THE RECORDS section start

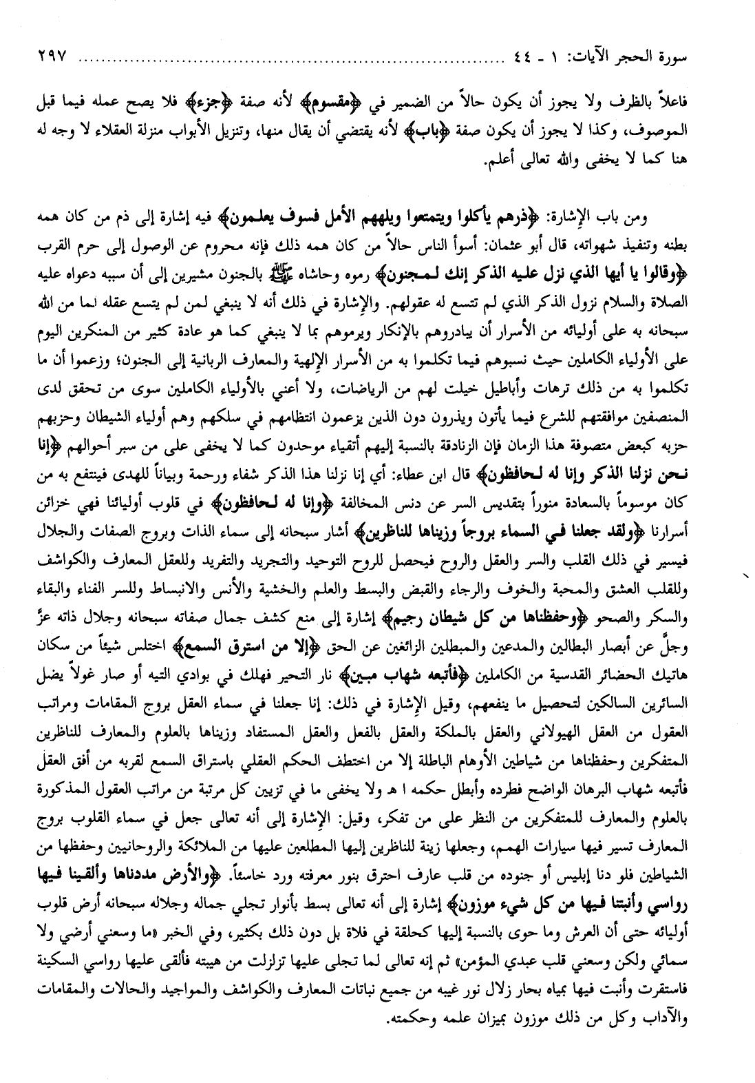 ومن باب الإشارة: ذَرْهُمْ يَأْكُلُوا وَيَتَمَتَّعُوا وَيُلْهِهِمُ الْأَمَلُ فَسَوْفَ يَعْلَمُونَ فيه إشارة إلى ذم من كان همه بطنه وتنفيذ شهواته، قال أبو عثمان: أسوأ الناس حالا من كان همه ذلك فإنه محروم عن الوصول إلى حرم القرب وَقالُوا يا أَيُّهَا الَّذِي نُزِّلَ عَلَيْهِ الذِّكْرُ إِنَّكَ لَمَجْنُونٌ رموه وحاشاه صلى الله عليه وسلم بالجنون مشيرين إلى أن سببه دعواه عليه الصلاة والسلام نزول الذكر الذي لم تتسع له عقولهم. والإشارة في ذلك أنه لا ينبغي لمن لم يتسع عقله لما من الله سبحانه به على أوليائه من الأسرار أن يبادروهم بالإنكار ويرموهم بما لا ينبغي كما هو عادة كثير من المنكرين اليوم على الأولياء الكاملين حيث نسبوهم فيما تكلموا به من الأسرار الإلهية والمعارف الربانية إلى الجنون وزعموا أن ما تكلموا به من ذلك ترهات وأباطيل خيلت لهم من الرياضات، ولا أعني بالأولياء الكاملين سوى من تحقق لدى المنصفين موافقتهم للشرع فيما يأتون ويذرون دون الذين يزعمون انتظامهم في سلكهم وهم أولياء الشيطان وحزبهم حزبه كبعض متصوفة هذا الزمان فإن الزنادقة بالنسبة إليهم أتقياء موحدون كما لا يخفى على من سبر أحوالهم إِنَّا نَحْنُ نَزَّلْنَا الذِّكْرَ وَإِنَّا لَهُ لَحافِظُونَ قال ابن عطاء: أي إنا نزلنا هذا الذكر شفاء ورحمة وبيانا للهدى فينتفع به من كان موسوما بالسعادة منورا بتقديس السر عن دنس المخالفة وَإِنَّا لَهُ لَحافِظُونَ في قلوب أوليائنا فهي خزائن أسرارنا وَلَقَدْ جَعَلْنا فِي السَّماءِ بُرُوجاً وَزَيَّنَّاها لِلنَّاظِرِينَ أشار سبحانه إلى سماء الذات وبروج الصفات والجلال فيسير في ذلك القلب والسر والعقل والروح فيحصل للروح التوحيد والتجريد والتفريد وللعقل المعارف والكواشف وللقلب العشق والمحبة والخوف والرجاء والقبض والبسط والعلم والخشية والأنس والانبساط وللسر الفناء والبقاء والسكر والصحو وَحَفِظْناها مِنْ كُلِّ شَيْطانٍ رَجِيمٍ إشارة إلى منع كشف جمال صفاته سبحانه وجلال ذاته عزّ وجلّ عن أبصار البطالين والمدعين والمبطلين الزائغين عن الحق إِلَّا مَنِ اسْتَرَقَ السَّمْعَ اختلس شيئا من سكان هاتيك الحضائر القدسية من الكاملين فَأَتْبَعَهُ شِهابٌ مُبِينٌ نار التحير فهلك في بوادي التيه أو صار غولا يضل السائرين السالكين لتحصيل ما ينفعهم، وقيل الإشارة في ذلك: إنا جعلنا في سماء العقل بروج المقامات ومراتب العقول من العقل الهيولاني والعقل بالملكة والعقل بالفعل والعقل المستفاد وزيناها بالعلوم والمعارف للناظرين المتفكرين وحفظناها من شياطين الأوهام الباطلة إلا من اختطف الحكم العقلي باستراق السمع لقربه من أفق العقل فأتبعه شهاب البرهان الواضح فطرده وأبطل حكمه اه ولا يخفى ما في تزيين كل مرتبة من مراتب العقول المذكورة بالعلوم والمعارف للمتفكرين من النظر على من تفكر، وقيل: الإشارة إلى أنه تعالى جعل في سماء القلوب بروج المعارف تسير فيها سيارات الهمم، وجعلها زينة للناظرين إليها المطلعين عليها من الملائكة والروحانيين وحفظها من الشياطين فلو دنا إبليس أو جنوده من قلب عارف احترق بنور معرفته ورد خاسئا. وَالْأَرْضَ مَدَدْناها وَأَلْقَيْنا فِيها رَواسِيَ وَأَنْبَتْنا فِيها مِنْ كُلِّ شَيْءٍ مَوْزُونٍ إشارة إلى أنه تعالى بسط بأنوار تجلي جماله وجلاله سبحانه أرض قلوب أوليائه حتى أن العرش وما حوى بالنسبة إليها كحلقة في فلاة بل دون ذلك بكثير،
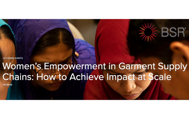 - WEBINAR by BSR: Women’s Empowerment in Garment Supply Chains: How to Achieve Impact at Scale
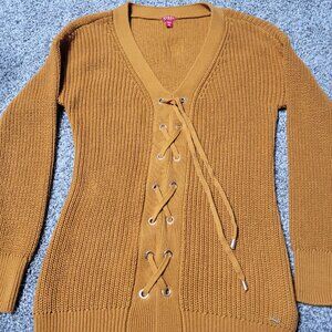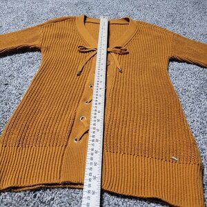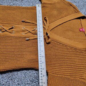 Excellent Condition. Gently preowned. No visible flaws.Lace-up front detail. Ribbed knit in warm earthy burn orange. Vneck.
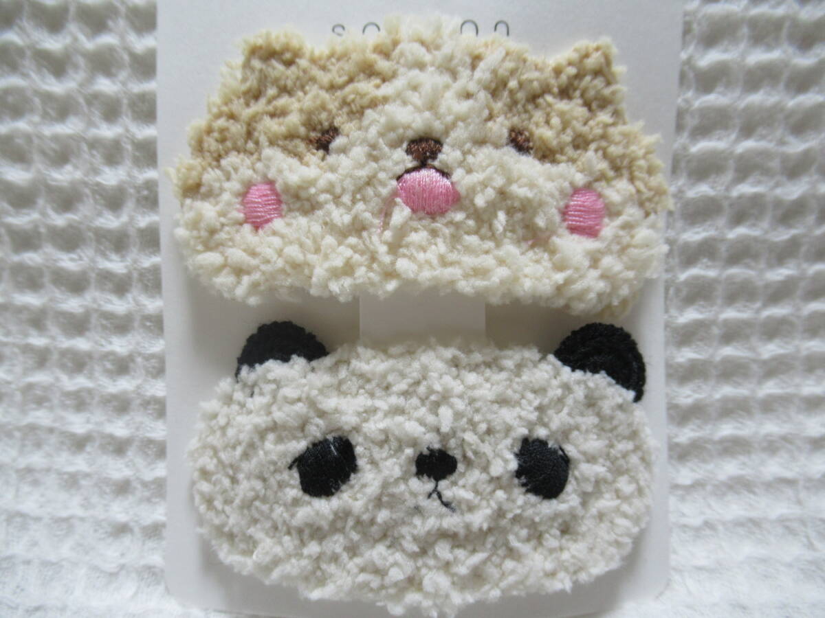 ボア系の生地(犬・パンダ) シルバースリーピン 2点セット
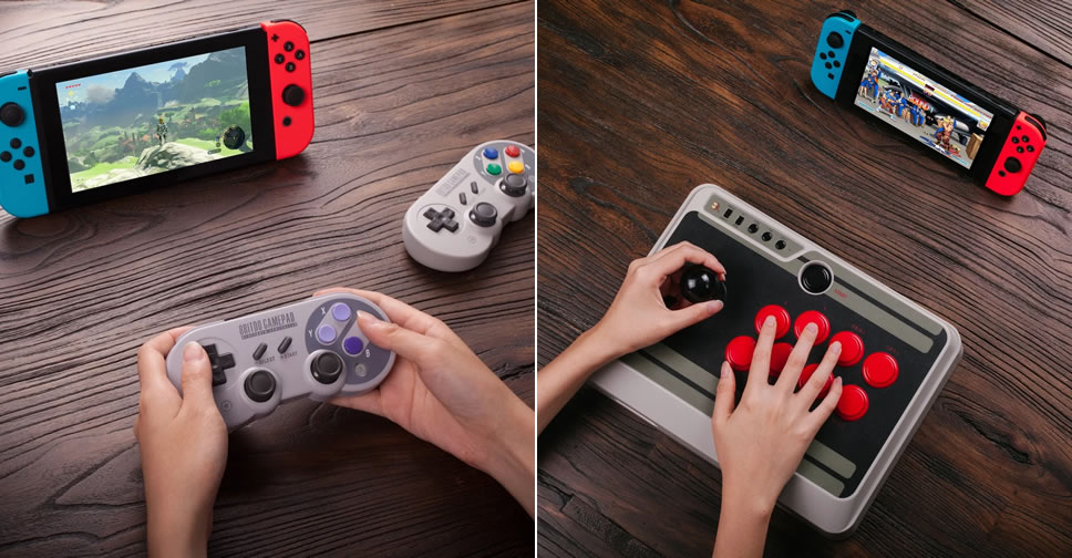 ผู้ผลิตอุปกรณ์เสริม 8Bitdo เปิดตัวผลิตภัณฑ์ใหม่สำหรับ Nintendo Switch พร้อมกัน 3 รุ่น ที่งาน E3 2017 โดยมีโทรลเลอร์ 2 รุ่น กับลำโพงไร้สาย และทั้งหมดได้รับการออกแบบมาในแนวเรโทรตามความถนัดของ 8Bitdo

THE RECORDS section end

▶ [TASK DIRECTIONS]:
Minus its pictures, the full listing should be copied verbatim.

▶ [ANSWER TO THIS TASK]:
 ومن باب الإشارة: ذَرْهُمْ يَأْكُلُوا وَيَتَمَتَّعُوا وَيُلْهِهِمُ الْأَمَلُ فَسَوْفَ يَعْلَمُونَ فيه إشارة إلى ذم من كان همه بطنه وتنفيذ شهواته، قال أبو عثمان: أسوأ الناس حالا من كان همه ذلك فإنه محروم عن الوصول إلى حرم القرب وَقالُوا يا أَيُّهَا الَّذِي نُزِّلَ عَلَيْهِ الذِّكْرُ إِنَّكَ لَمَجْنُونٌ رموه وحاشاه صلى الله عليه وسلم بالجنون مشيرين إلى أن سببه دعواه عليه الصلاة والسلام نزول الذكر الذي لم تتسع له عقولهم. والإشارة في ذلك أنه لا ينبغي لمن لم يتسع عقله لما من الله سبحانه به على أوليائه من الأسرار أن يبادروهم بالإنكار ويرموهم بما لا ينبغي كما هو عادة كثير من المنكرين اليوم على الأولياء الكاملين حيث نسبوهم فيما تكلموا به من الأسرار الإلهية والمعارف الربانية إلى الجنون وزعموا أن ما تكلموا به من ذلك ترهات وأباطيل خيلت لهم من الرياضات، ولا أعني بالأولياء الكاملين سوى من تحقق لدى المنصفين موافقتهم للشرع فيما يأتون ويذرون دون الذين يزعمون انتظامهم في سلكهم وهم أولياء الشيطان وحزبهم حزبه كبعض متصوفة هذا الزمان فإن الزنادقة بالنسبة إليهم أتقياء موحدون كما لا يخفى على من سبر أحوالهم إِنَّا نَحْنُ نَزَّلْنَا الذِّكْرَ وَإِنَّا لَهُ لَحافِظُونَ قال ابن عطاء: أي إنا نزلنا هذا الذكر شفاء ورحمة وبيانا للهدى فينتفع به من كان موسوما بالسعادة منورا بتقديس السر عن دنس المخالفة وَإِنَّا لَهُ لَحافِظُونَ في قلوب أوليائنا فهي خزائن أسرارنا وَلَقَدْ جَعَلْنا فِي السَّماءِ بُرُوجاً وَزَيَّنَّاها لِلنَّاظِرِينَ أشار سبحانه إلى سماء الذات وبروج الصفات والجلال فيسير في ذلك القلب والسر والعقل والروح فيحصل للروح التوحيد والتجريد والتفريد وللعقل المعارف والكواشف وللقلب العشق والمحبة والخوف والرجاء والقبض والبسط والعلم والخشية والأنس والانبساط وللسر الفناء والبقاء والسكر والصحو وَحَفِظْناها مِنْ كُلِّ شَيْطانٍ رَجِيمٍ إشارة إلى منع كشف جمال صفاته سبحانه وجلال ذاته عزّ وجلّ عن أبصار البطالين والمدعين والمبطلين الزائغين عن الحق إِلَّا مَنِ اسْتَرَقَ السَّمْعَ اختلس شيئا من سكان هاتيك الحضائر القدسية من الكاملين فَأَتْبَعَهُ شِهابٌ مُبِينٌ نار التحير فهلك في بوادي التيه أو صار غولا يضل السائرين السالكين لتحصيل ما ينفعهم، وقيل الإشارة في ذلك: إنا جعلنا في سماء العقل بروج المقامات ومراتب العقول من العقل الهيولاني والعقل بالملكة والعقل بالفعل والعقل المستفاد وزيناها بالعلوم والمعارف للناظرين المتفكرين وحفظناها من شياطين الأوهام الباطلة إلا من اختطف الحكم العقلي باستراق السمع لقربه من أفق العقل فأتبعه شهاب البرهان الواضح فطرده وأبطل حكمه اه ولا يخفى ما في تزيين كل مرتبة من مراتب العقول المذكورة بالعلوم والمعارف للمتفكرين من النظر على من تفكر، وقيل: الإشارة إلى أنه تعالى جعل في سماء القلوب بروج المعارف تسير فيها سيارات الهمم، وجعلها زينة للناظرين إليها المطلعين عليها من الملائكة والروحانيين وحفظها من الشياطين فلو دنا إبليس أو جنوده من قلب عارف احترق بنور معرفته ورد خاسئا. وَالْأَرْضَ مَدَدْناها وَأَلْقَيْنا فِيها رَواسِيَ وَأَنْبَتْنا فِيها مِنْ كُلِّ شَيْءٍ مَوْزُونٍ إشارة إلى أنه تعالى بسط بأنوار تجلي جماله وجلاله سبحانه أرض قلوب أوليائه حتى أن العرش وما حوى بالنسبة إليها كحلقة في فلاة بل دون ذلك بكثير،
 - WEBINAR by BSR: Women’s Empowerment in Garment Supply Chains: How to Achieve Impact at Scale
 Excellent Condition. Gently preowned. No visible flaws.Lace-up front detail. Ribbed knit in warm earthy burn orange. Vneck.
 ボア系の生地(犬・パンダ) シルバースリーピン 2点セット
 ผู้ผลิตอุปกรณ์เสริม 8Bitdo เปิดตัวผลิตภัณฑ์ใหม่สำหรับ Nintendo Switch พร้อมกัน 3 รุ่น ที่งาน E3 2017 โดยมีโทรลเลอร์ 2 รุ่น กับลำโพงไร้สาย และทั้งหมดได้รับการออกแบบมาในแนวเรโทรตามความถนัดของ 8Bitdo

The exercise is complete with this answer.